A couple weeks ago I posted a short reflection on 2021: On how quiet and sweet and gentle it was. After the major medical trauma of 2020, God gave me some space to let my body, heart, and mind heal. I wrote about it a few days before Covid hit our household.
At first, from within this Covid hurricane, I thought that perhaps I had posted about the year too soon. The superstitious part of me thought I must have jinxed the last couple weeks of 2021. But we who know the heart of the Father know that’s a lie. God doesn’t play those games.
Perhaps, however, this sweet, gentle year helped prepare my body, mind, and spirit for the intensity of this physical, emotional, and spiritual battle. Yes, Covid has hit us hard—really hard. It’s not over, but it’s also nothing compared to my God.
But the same gentle God who calmed the waves around me the past year is the God who is holding my heart, my mind, my lungs, and all of our bodies in His hand in the midst of the hurricane now raging around us.
He’s good, and we are blessed, not because of the presence of health, wealth, success, or the absence of illness, suffering, grief, or hardship.
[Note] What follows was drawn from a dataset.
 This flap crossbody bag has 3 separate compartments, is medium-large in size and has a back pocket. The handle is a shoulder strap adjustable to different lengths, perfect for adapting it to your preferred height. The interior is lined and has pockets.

That #blessed theology makes no sense to me: Not when our Lord Himself came straight into all of the pain, all of the suffering, all of the poverty, and all of the brokenness of body: we just celebrated that advent, remember? Not when smack in the middle of the teaching of our Lord we find the beatitudes: what #blessed really means: those who hunger and thirst for righteousness, the meek, the peacemakers, those persecuted for His name, the lowly and poor.
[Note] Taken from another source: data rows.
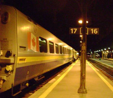 I rode the D60LF to the train station. I noticed when I got there that train 49 was using the same equipment that I rode into Ottawa yesterday as train 44. I also noticed train 638 as a J-train. That train consisted of P42 #915, two VIA 1 class LRC coaches, four economy class LRC coaches, P42 #920, another VIA 1 class LRC coach and an economy class LRC coach. I filmed it pulling out when I heard an announcement that my train was boarding.
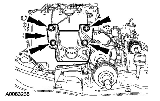 86. CAUTION: Do not use the bolts to draw pump assembly and main control valve body onto the chain cover case. Component damage may occur.
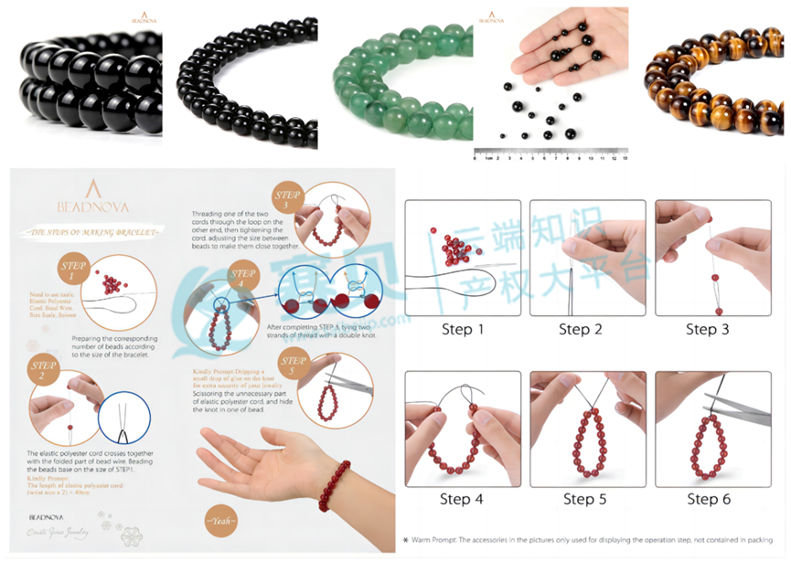 本案还涉及到一项版权,版权的图片内容为珠宝的局部图以及串珠的教程图,请注意不可以随意使用在产品包装及描述上,否则会有侵权风险。
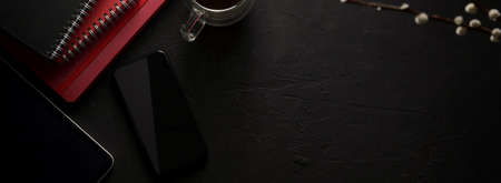 Top view of stylish workspace with tablet, smartphone, coffee cup, red and black notebooks and copy space on black table
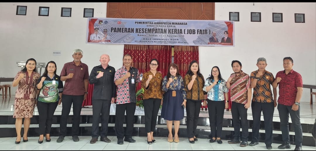 TONDANO, BERITA ONLINE LOKAL,— Pemerintah Kabupaten Minahasa melalui Dinas Tenaga Kerja menyelenggarakan Pameran Kesempatan Kerja (Job Fair) Tahun 2025 yang berlangsung pada 14–15 Agustus 2025 di Gedung Serbaguna Wale Imanuel Koya, Tondano.
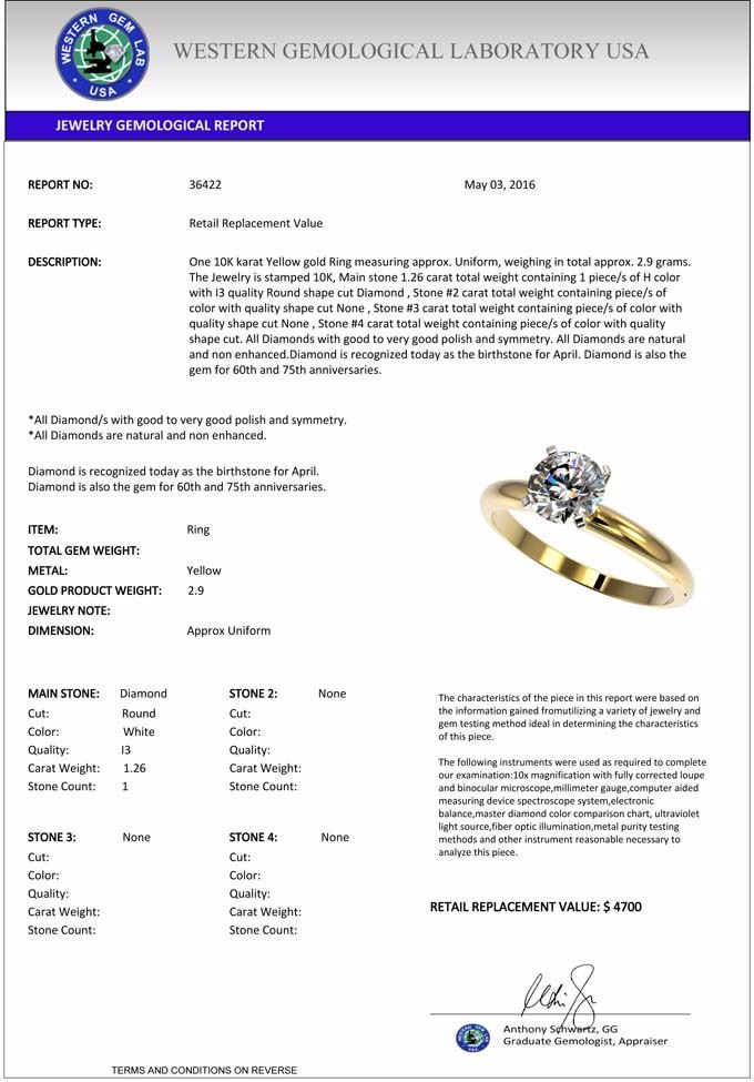 total approx. 2.9 grams. The Jewelry is stamped 10K, Main stone 1.26 carat total weight containing 1 piece/s of H color with
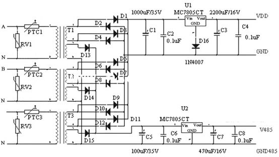 變壓器對各相的電壓進(jìn)行變壓,然后通過整流穩(wěn)壓電路對電表供電。
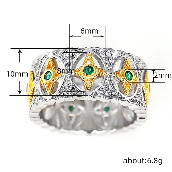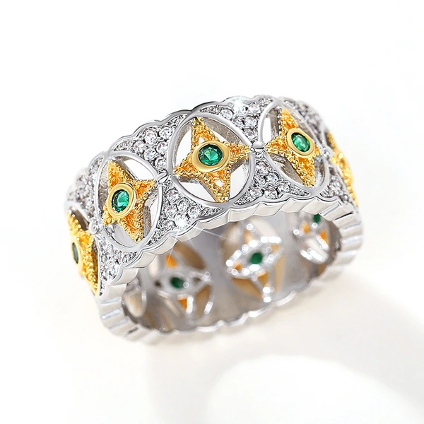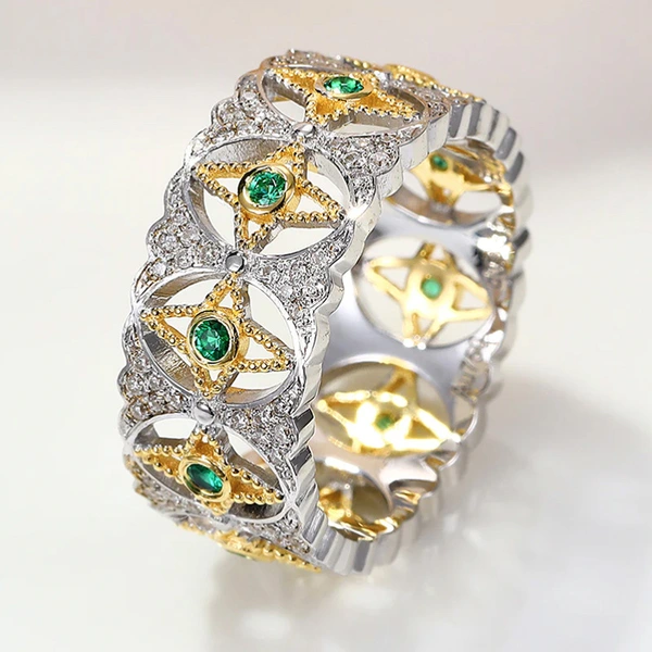 خاتم على طراز القصر الرجعي ثنائي اللون، خاتم نجمة وقمر فرنسي من العصور الوسطى، خاتم كلاسيكي مجوف من الدانتيل الزهري
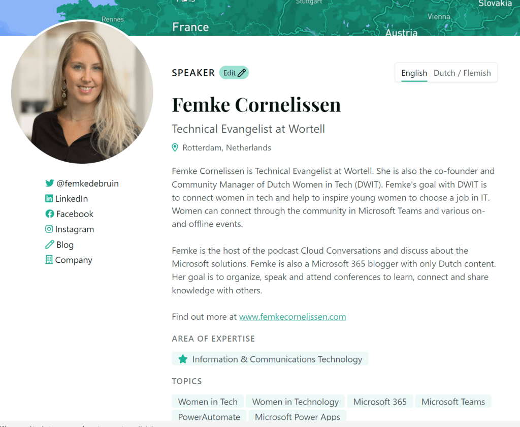 Maak je profiel zo volledig mogelijk. De mijne kun je hier vinden. Als je dit nu al klaar hebt, betekent dit dat het heel makkelijk voor je is om te reageren op oproepen voor sprekers als je ze ziet.
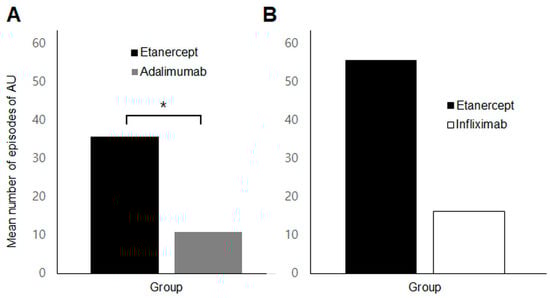 Comparison of the mean number of episodes of anterior uveitis per 100 patient-years in the switching group (A) Comparison of etanercept and adalimumab in patients who switched between the two agents (B) Comparison of etanercept and infliximab in those who switched between the two. * p value < 0.05.
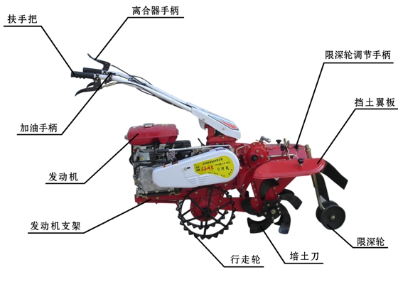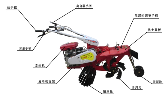 該機設計合理,結構緊湊,配有轉向離合器,扶手把高度4檔調整,左右360度任意旋轉,操作舒適方便,作業(yè)部件插銷連接,換裝方便快捷。主要用于大姜、大蔥、土豆等經濟作物種植開溝、培土和溫室大棚種植瓜果、蔬菜等作物旋耕、開溝等。
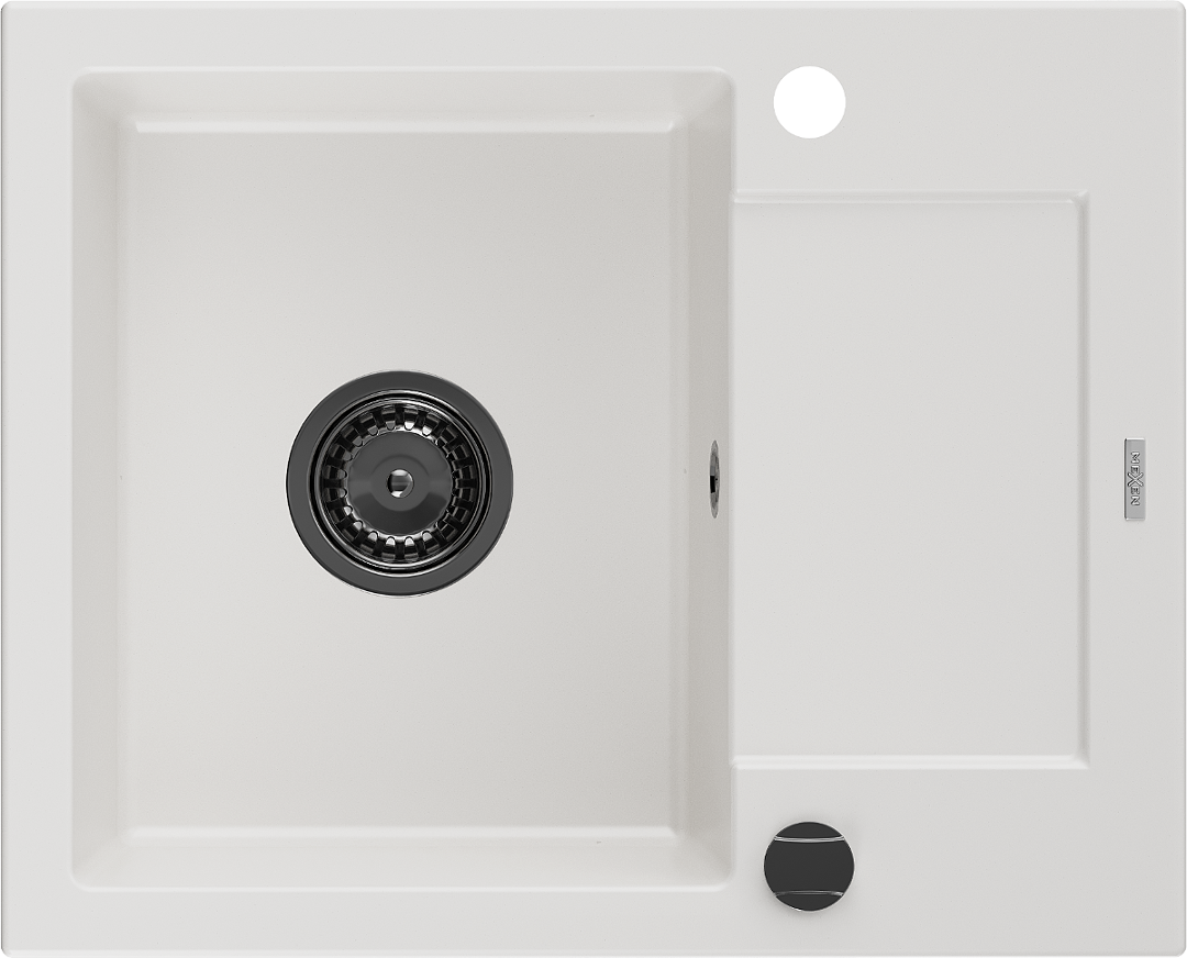 Mexen Enzo évier en granit 1 bac avec égouttoir 576 x 465 mm, blanc, siphon noir - 6506571005-20-B

So I continue to stand (or lie propped up on pillows) solidly by my former post. My God is gentle and kind. He is good, and frankly, the suffering part of life offers an acutely clear vantage point from which we can come to know the kingdom of heaven.
I’m thankful for the goodness of God in all of its forms. I’m thankful for His goodness in the living, in the dying, in the forming, in the breaking, in the feasting, in the fasting, in the pain, in the pleasure, in the grieving, and in the rejoicing. If we don’t come to know Him in all of the seasons, we struggle to trust Him with all of our seasons.
So from this short season of suffering that feels infinite from the inside, I stand with every ounce of courage that I have and with all of the strength of our Lord and Savior, and I declare in victory that He is good, He is faithful, He loves us fiercely, and He is ever-present. 2021 is still beautiful. It just got a lot more colorful in its last weeks.